When Janna posted her review of Joshilyn Jackson’s The Opposite of Everyone, I knew I wanted to read one of her books. At the beginning of July, I saw that she had a new one coming out – The Almost Sisters. Perfect!

The Almost Sisters is set in Alabama. Mostly, it’s a story about family – our ties, our shortcomings, our differences, and our loves. Goodreads says:

With empathy, grace, humor, and piercing insight, the author of gods in Alabama pens a powerful, emotionally resonant novel of the South that confronts the truth about privilege, family, and the distinctions between perception and reality—the stories we tell ourselves about our origins and who we really are.

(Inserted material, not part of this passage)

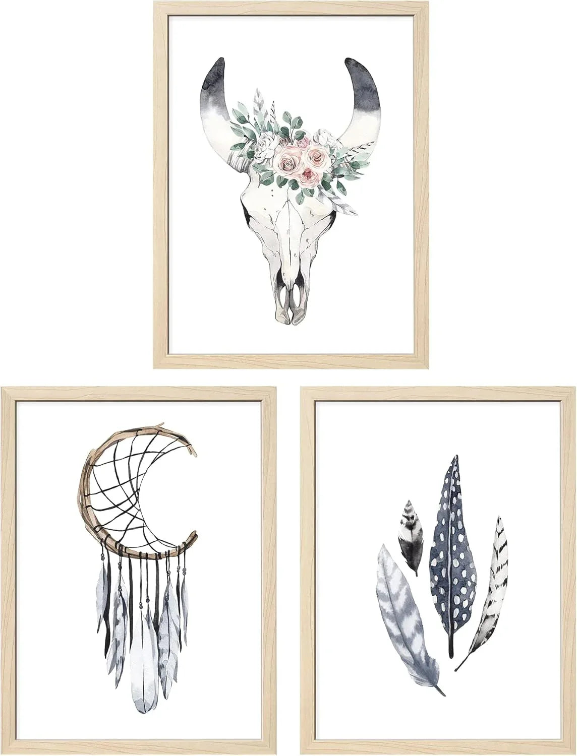 - This Gallery Wall Frame set with feather, skull and dreamcatcher brings a BOHO chic view to your home.
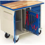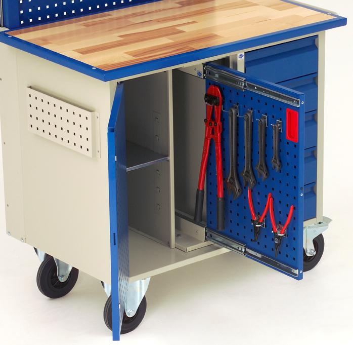 Værkstedsvogn type VV-3 med bøgeparket bordplade med stålramme og hjul (2 faste og 2 drejelige med bremse). Leveres med 5 skuffer med stålkugleudtræk og enkelt skuffespærre, skabsdør i dobbeltplade med værktøjstavle på indvendig side og 1 flytbar galvaniseret hylde, belastning 30 kg. Tegningslomme på siden, kan også bruges som værktøjstavle. Centrallås låser både skab og skuffer.

I loved the main character of this book…she’s a huge nerd. Of course, she’s a comic book nerd and I’m not, but any kind of book nerd is my kind of gal 😉

At first, I thought this might be a girly beach read, but found that this novel goes far deeper than that. The story made me have a difficult time putting the book down, and the quality of Jackson’s writing had me loving every bit of it. I loved her characters – they were well developed and spot on.

Here’s the rest of the synopsis:

Superheroes have always been Leia Birch Briggs’ weakness. One tequila-soaked night at a comics convention, the usually level-headed graphic novelist is swept off her barstool by a handsome and anonymous Batman.

It turns out the caped crusader has left her with more than just a nice, fuzzy memory. She’s having a baby boy–an unexpected but not unhappy development in the thirty-eight year-old’s life. But before Leia can break the news of her impending single-motherhood (including the fact that her baby is biracial) to her conventional, Southern family, her step-sister Rachel’s marriage implodes. Worse, she learns her beloved ninety-year-old grandmother, Birchie, is losing her mind, and she’s been hiding her dementia with the help of Wattie, her best friend since girlhood.

Leia returns to Alabama to put her grandmother’s affairs in order, clean out the big Victorian that has been in the Birch family for generations, and tell her family that she’s pregnant. Yet just when Leia thinks she’s got it all under control, she learns that illness is not the only thing Birchie’s been hiding. Tucked in the attic is a dangerous secret with roots that reach all the way back to the Civil War. Its exposure threatens the family’s freedom and future, and it will change everything about how Leia sees herself and her sister, her son and his missing father, and the world she thinks she knows.


The themes of family and race are really well done. I think Jackson did an amazing job of capturing the spectrum of family relationships that we all have in our lives, and the book made me think about my own relationships.

I recommend The Almost Sisters to anyone who enjoys great fiction that explores family relationships and race, and how those themes shape who we are as sisters, brothers, daughters, sons, husbands, wives – all kinds of family. Even the hidden kinds.

author avatar
Joli
I'm currently a full-time writer/content strategist with an English degree living in Minneapolis, MN with my husband, young daughter, and black lab mix. I created Literary Quicksand to feed my love of books, writing, and community.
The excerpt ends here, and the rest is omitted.